Biologists have been able for the first time to track individual songbirds from their North American breeding grounds to where they spend the winter in Latin America, and back.

And what they discovered by analyzing data from tiny light sensors attached to the backs of some of the birds “flabbergasted” the researchers.

"The flight times were amazing," said Bridget Stutchbury, a biologist at York University in Toronto, who led the study.

"We had a purple martin that over-wintered near the Amazon River in Brazil, and it flew back to its breeding colony in the northern U.S. in only 13 days. This is incredible.

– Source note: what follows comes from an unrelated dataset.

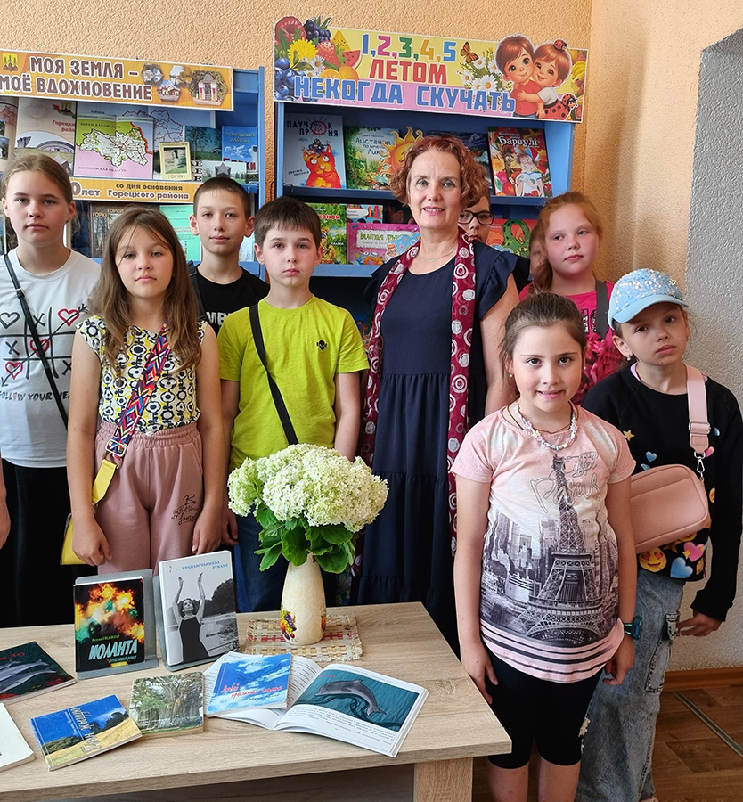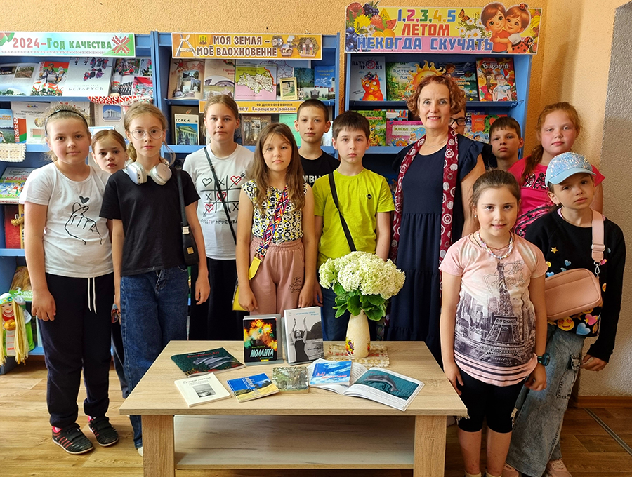 Наталля Валянцінаўна пазнаёміла вучняў са сваімі друкаванымі выданнямі: кнігай вершаў «Любоў крылатая істота», фантастычным дэтэктыўным аповедам «Іаланта», дзіцячай кнігай «Дэльфінчык Агу», дэтэктыўным раманам «…Кранаючы неба рукамі”. Асаблівую зацікаўленасць выклікала кніга пісьменніцы «Дэльфінчык Агу».

I had no idea that songbirds could go this fast."

Stutchbury said the ability of some migrating birds to fly more than 300 miles (nearly 500 km) per day was totally unexpected.

Satellite tracking sensors are far too heavy to be attached to individual birds. So the researchers strapped tiny backpacks that record sunrise and sunset times, which provide a rough estimation of where the birds were on a given date.

Many more birds will be tagged with the devices now that the technology has been proven. “Tracking birds to their wintering areas is also essential for predicting the impact of tropical habitat loss and climate change,” Stutchbury said.

Pete Marra at the Smithsonian Migratory Bird Center at the National Zoo told National Public Radio that there is “still a lot of work to be done to try to miniaturize this tool even a bit more and put some other gizmos on, such as ones that would allow us to record temperature or altitude or relative humidity.”